Теперь объясню, почему я так думаю. За пять недель до ее пленения в сражении под Компьеном «голоса» уже предсказали ей то, что должно было случиться. Они не назвали ей ни числа, ни места, но сказали, что ее возьмут в плен и что это свершится накануне праздника святого Иоанна. Она просила: если смерть неизбежна – пусть она будет мгновенной, если плен неизбежен – пусть он будет недолгим, ибо душа ее возлюбила свободу и не приспособлена к ограничениям. «Голоса» не дали ей никаких обещаний, а лишь велели ей мужаться и твердо переносить все невзгоды и испытания. Но так как они не отказали ей в скоропостижной смерти, то такое полное надежд юное существо, как Жанна, естественно, удовлетворилось и этим, лелея свою мечту о жизни будущей. И теперь, когда ей внушили, что она будет «освобождена» через три месяца, мне кажется, она поверила, что умрет внезапно на своей постели в тюрьме; вот почему она была так счастлива и довольна – перед ней открывались врата рая, она навсегда избавится от бренных забот; и срок был так краток, и награда так близка... И это придавало ей силы, она выдержала и довела бой до конца, как и подобает солдату – спасай себя, защищайся, борись до последней возможности, а если ее нет, умри храбро, лицом к врагу.

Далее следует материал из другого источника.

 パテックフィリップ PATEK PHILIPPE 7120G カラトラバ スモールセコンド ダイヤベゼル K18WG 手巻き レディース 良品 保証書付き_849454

Уже потом, когда она обвиняла Кошона в попытке отравить ее рыбой, убеждение (если только у нее было такое убеждение, а я уверен, что оно у нее было), убеждение, что ее «освободит» смерть в тюрьме, должно было значительно укрепиться, и это понятно.

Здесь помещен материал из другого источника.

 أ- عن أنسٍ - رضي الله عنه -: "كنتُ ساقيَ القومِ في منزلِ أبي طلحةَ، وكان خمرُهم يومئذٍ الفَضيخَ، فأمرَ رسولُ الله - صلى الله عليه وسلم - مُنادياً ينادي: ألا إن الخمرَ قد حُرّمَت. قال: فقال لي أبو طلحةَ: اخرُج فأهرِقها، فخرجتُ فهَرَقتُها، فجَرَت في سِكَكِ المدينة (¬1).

Но я увлекся и отошел от главной темы. Жанну попросили точно назвать время, когда она будет освобождена из заключения.
– Я много раз повторяла, что мне не разрешено обо всем говорить вам. Меня освободят, но я должна испросить у моих голосов позволения сообщить вам, в какой именно день это будет. Вот почему я хотела бы, чтобы с этим не торопились.

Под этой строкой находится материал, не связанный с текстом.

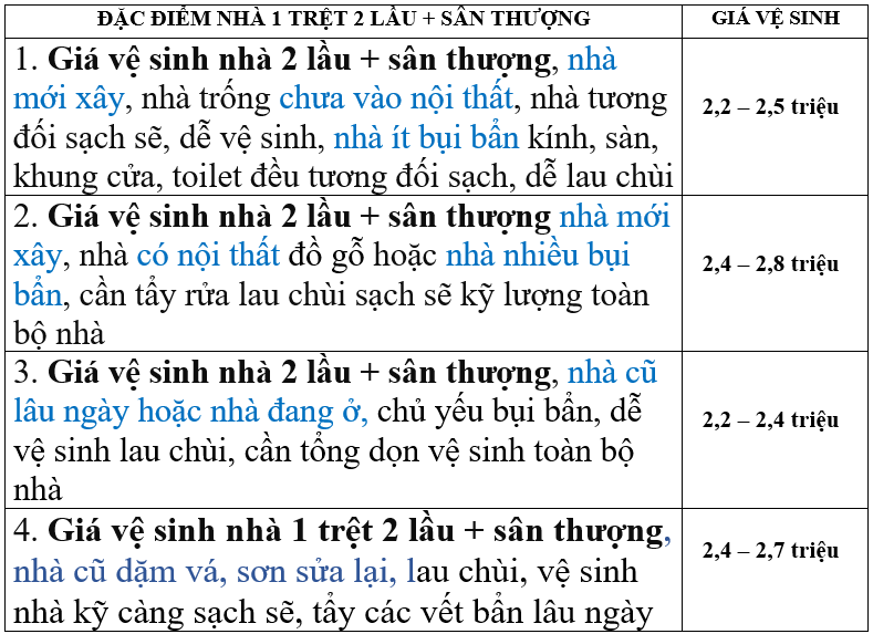 Giá vệ sinh công nghiệp nhà 2 lầu + sân thượng

– Так что ж, – твои «голоса» запрещают тебе говорить правду?
– Быть может, вам желательно узнать что-либо о короле Франции? Я повторяю еще раз, он вернет свое королевство. Я это знаю так же твердо, как и то, что нахожусь в вашем присутствии. – Она вздохнула и, после краткой паузы, добавила: – Меня бы уже не было в живых, если бы не это откровение, которое всегда утешает меня.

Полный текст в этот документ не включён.